• Required action:
The listing, minus its pictures, is to be given again exactly.

• Data segment:
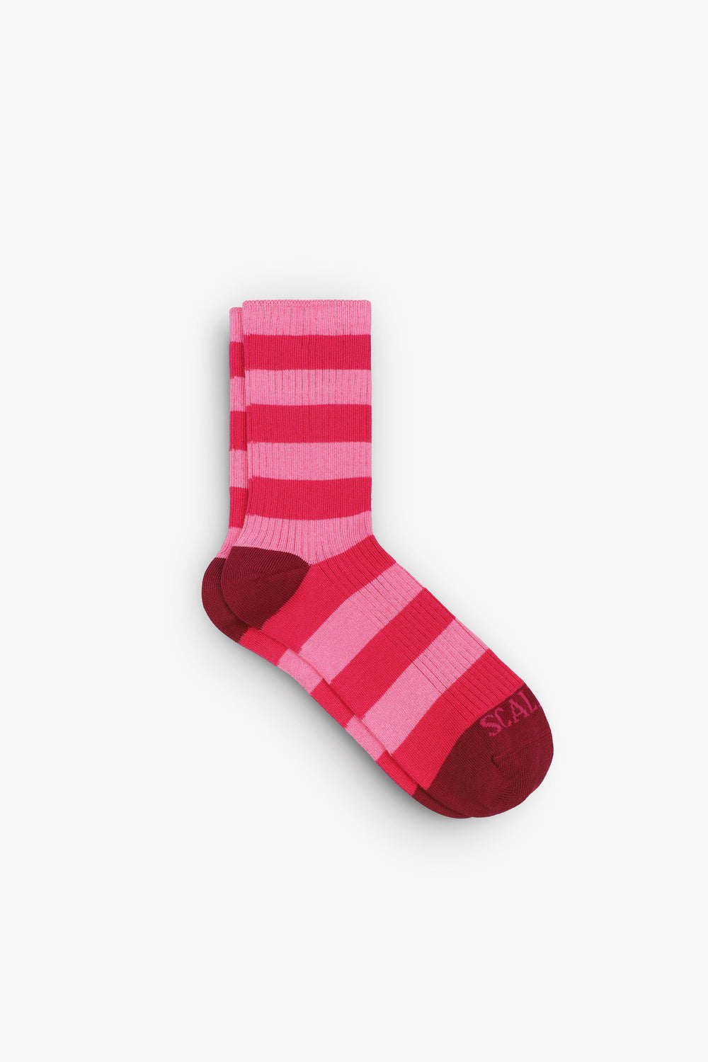 Socks made of 100% cotton. Stripe print. Contrast logo detail.
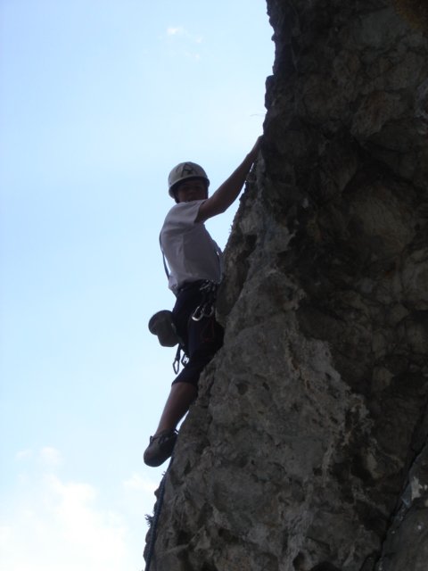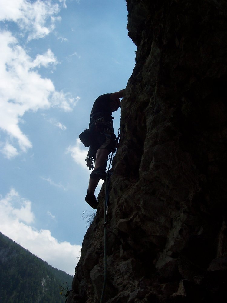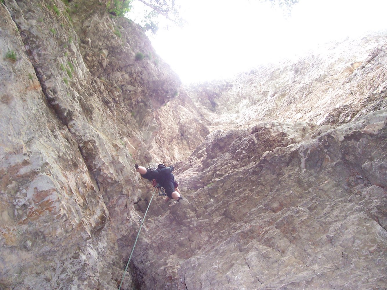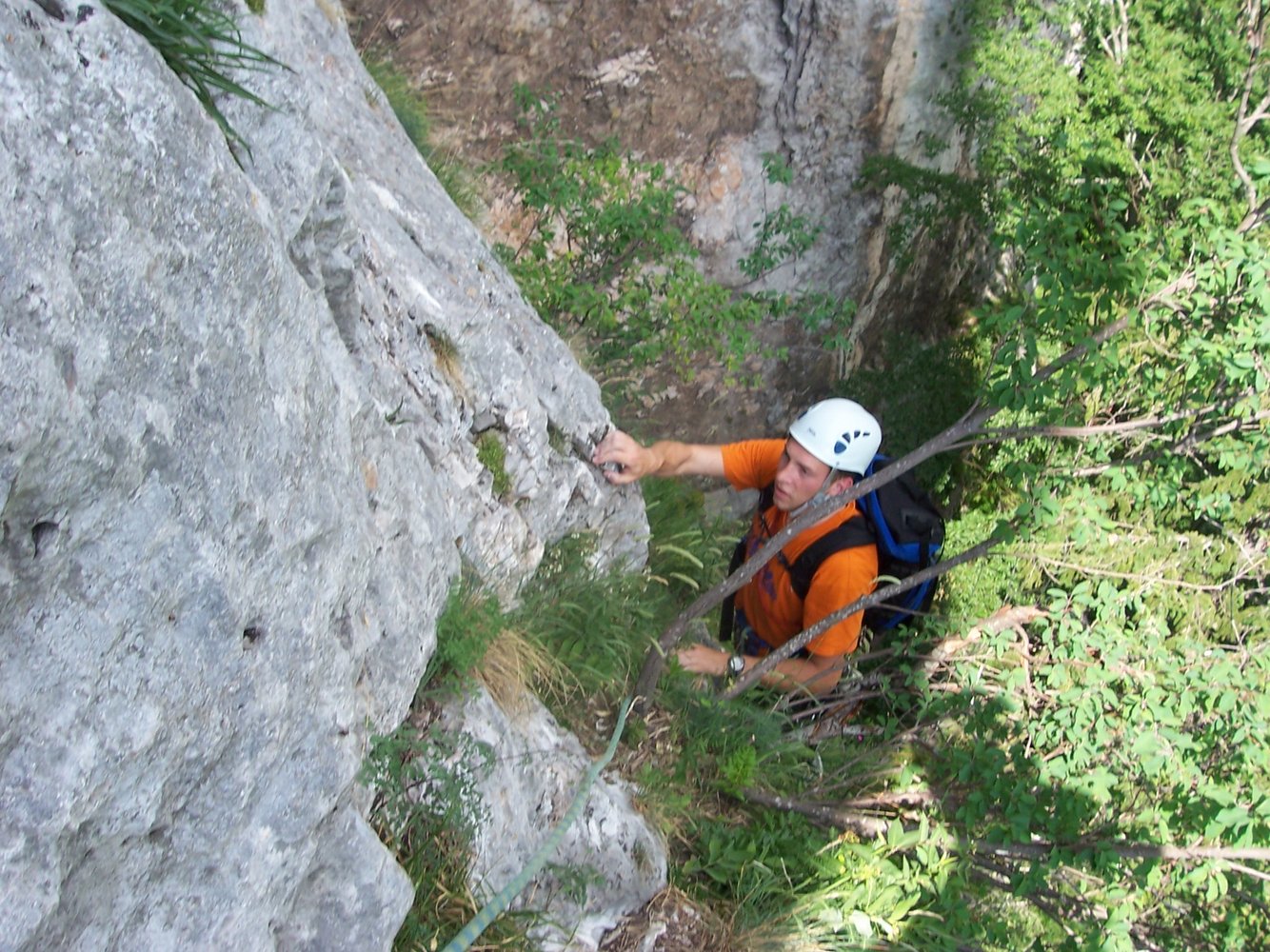 Aus Begeisterung über den schönen Kamin in der 1. Seillänge zu hoch gestiegen und vergessen, links "abzubiegen". Dann bleibt nur mehr eine Hakenlose Querung (5+) in die 3. SL. Sehr luftig.... Wie gut, dass es 60m-Seile gibt.,
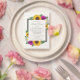 Das Design besticht durch elegante Sonnenblumen, Rose und Gänseblumen mit einer goldgelben, rosa/lila und weißen Farbpalette. Das Design verfügt auch über einen kohlegrauen Rahmen. Sie können die Hintergrundfarbe auf der Vorderseite und zurück in die gewünschte Farbe ändern oder beide Set in Weiß verlassen werden.

• Answer to the exercise:
 Socks made of 100% cotton. Stripe print. Contrast logo detail.
 Aus Begeisterung über den schönen Kamin in der 1. Seillänge zu hoch gestiegen und vergessen, links "abzubiegen". Dann bleibt nur mehr eine Hakenlose Querung (5+) in die 3. SL. Sehr luftig.... Wie gut, dass es 60m-Seile gibt.,
 Das Design besticht durch elegante Sonnenblumen, Rose und Gänseblumen mit einer goldgelben, rosa/lila und weißen Farbpalette. Das Design verfügt auch über einen kohlegrauen Rahmen. Sie können die Hintergrundfarbe auf der Vorderseite und zurück in die gewünschte Farbe ändern oder beide Set in Weiß verlassen werden.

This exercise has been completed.